Origin supports two methods to compute extracted factors: Wold's Iterative and Singular Value Decomposition (SVD).

### Wold's Iterative

Use the initial vector u. If r=1, initialize u=Y, otherwise u can be a vector of random values.

• Repeat each iteration until w converges.
$w=X_0^Tu$, and normalize w by $w=w/|| w ||$
$t=X_0w$, and normalize t by $t=t/|| t ||$
$q=Y_0^Tt$, and normalize q by $q=q/|| q ||$
$u=Y_0q$

After w converges, update

$t=X_0w$, and normalize t by $t=t/|| t ||$
$p=X_0^Tt$
$q=Y_0^Tt$
$u=Y_0q$
• Repeat the above process with the residual matrices k times:
$\hat{X}_0=X_0-tp^T$
$\hat{Y}_0=Y_0-tq^T$

and k factors can be constructed. x weights, x scores, y scores, x loadings and y loadings for k factors can be denoted by matrices: W, T, U, P, and Q.

Note that in Origin signs of x scores, y scores, x loadings and y loadings for each factor are normalized by forcing the sum of x weights for each factor to be positive.

### SVD

• X Weights for the First Factor

w is the normalized first left singular vector of $X_0^TY_0$, and,

$t=X_0w$, and normalize t by $t=t/|| t ||$
$p=X_0^Tt$
$q=Y_0^Tt$
$u=Y_0q$
• Repeat the above process with the residual matrices k times.

And k factors can be extracted.

## Cross Validation

Origin uses "leave-one-out" to find the optimal number of factors. It leaves out one observation each time and uses other observations to construct the model and predict responses for the observation.

• PRESS

PRESS is the predicted residual sum of squares. It can be calculated by:

$\text{PRESS} = \sum_{i=1}^n \sum_{j=1}^r (Y_{ij} - \hat{Y}_{ij})^2$
where $\hat{Y}_{ij}$ is the predicted Y value by leave-one-out.

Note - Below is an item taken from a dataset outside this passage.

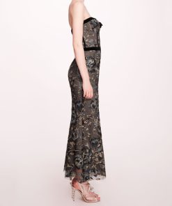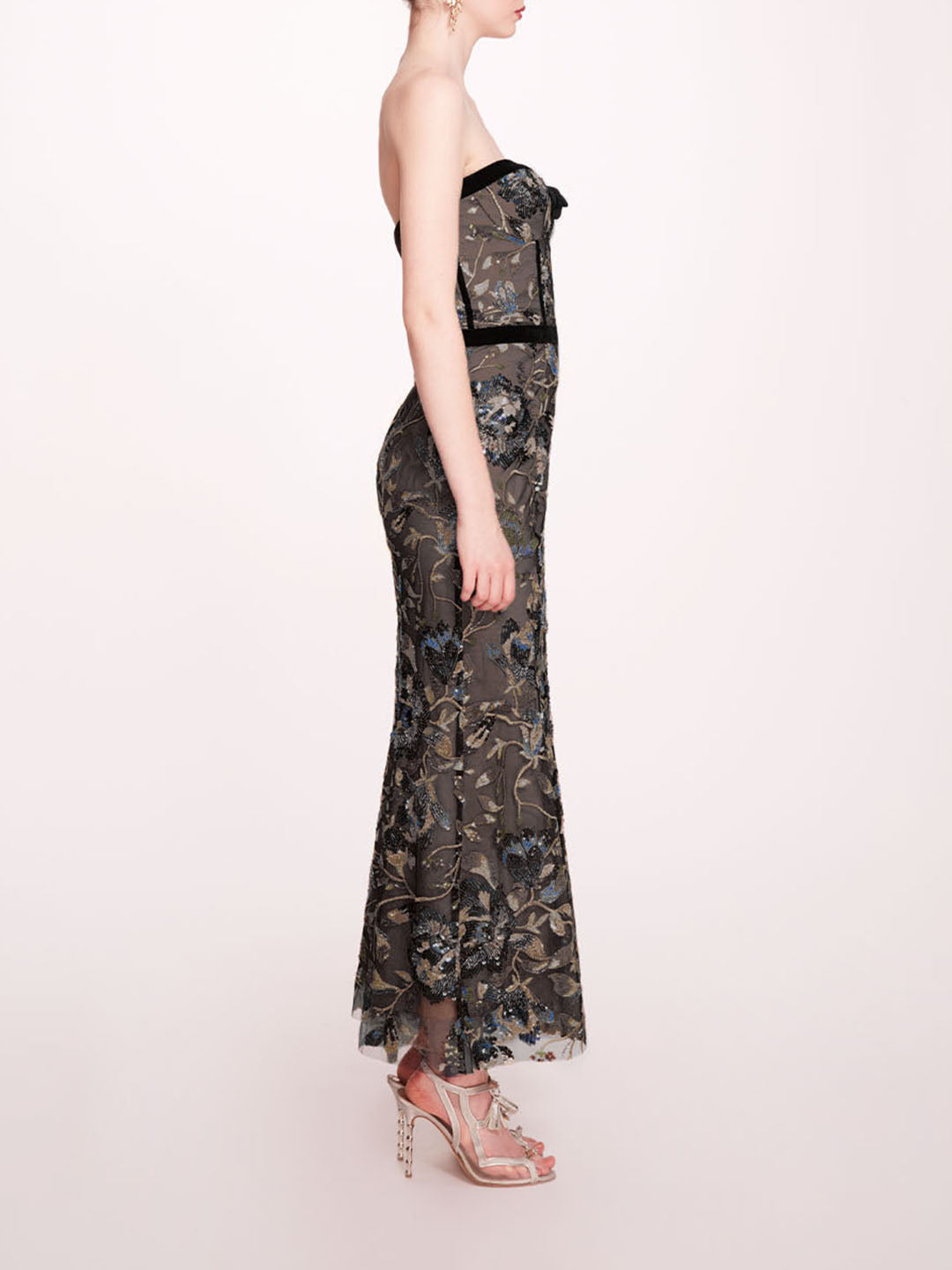 Make a stunning impression with the Climbing Vines Midi Dress, featuring a strapless design adorned with exquisite sequin floral embroidery on delicate tulle. The corset-style velvet detailing on the bodice accentuates your figure, offering a perfect blend of sophistication and allure.

Note that if variables are scaled, PRESS is the scaled result.

If maximum number of factors is k, then it will calculate PRESS for 0, 1, ... k factors. For 0 factor,

$\text{PRESS} = \sum_{i=1}^n \sum_{j=1}^r (Y_{ij} - \bar{Y}_{j})^2$
where $\bar{Y}_{j}$ is the mean value for jth Y variable.
• Root Mean PRESS

Root mean PRESS is the root mean of PRESS. It is defined by:

$\text{Root Mean PRESS} = \sqrt{ \frac{\text{PRESS}}{ (n-1)r } }$

Origin uses the minimum Root Mean PRESS to find the optimal number of factors in Cross Validation.

## Response Prediction

Once the model is constructed, responses can be predicted by coefficients of the fitted model. Coefficients are calculated from weights and loadings matrix:

$C = W(P^TW)^{-1}Q^T$

And the predicted responses are calculated as:

$\hat{Y}_0 = C X_{0}$

Note that here variables are centered. If variables are also scaled, responses should be scaled back.

## Quantities

• Variance Explained for X Effects

Variance Explained for the lth X variable,

$\frac{ \sum_{j=1}^{k} P_{lj}^2 }{ \sum_{i=1}^{n} {X_0}_{il}^2 }$

Variance Explained for X variables,

$\frac{ \sum_{l=1}^{m} \sum_{j=1}^{k} P_{lj}^2 }{ \sum_{l=1}^{m} \sum_{i=1}^{n} {X_0}_{il}^2 }$
• Variance Explained for Y Responses

Variance Explained for the lth Y variable,

$\frac{ \sum_{j=1}^{k} Q_{lj}^2 }{ \sum_{i=1}^{n} {Y_0}_{il}^2 }$

Variance Explained for Y variables,

$\frac{ \sum_{l=1}^{r} \sum_{j=1}^{k} Q_{lj}^2 }{ \sum_{l=1}^{r} \sum_{i=1}^{n} {Y_0}_{il}^2 }$
• VIP Statistic

VIP (variable influence on projections) explains each predictor variable using the mean variance in responses.

• Residual

X Residuals,

$X_r = X_0 - TP^T$

Y Residuals,

$Y_r = Y_0 - TQ^T$

When variables are scaled, residuals should be scaled back.

• Distances

Distances to X model for the ith observation,

$\text{Dist}_x = \sqrt{ \sum_{j=1}^m X_{rij}^2 }$

Distances to Y model for the ith observation,

$\text{Dist}_y = \sqrt{ \sum_{j=1}^r Y_{rij}^2 }$
• T Square

T Square for the ith observation,

$T^2=\sum_{j=1}^k \frac{T_{ij}}{\text{Var}_j}$

where $\text{Var}_j$ is the variance for X scores of the jth factor.

• Control Limit for T Square
$n(n-1)^2\text{betainv}(0.95,k/2.0,(n-k-1)/2.0)$
• Radius for Confidence Ellipse in Scores Plot
$\sqrt{(n-1)^2/n \cdot \text{betainv}(0.95,1,(n-3)/2.0) \cdot \text{Var}_j}$

where $\text{Var}_j$ is the variance for X scores or Y scores of the jth factor.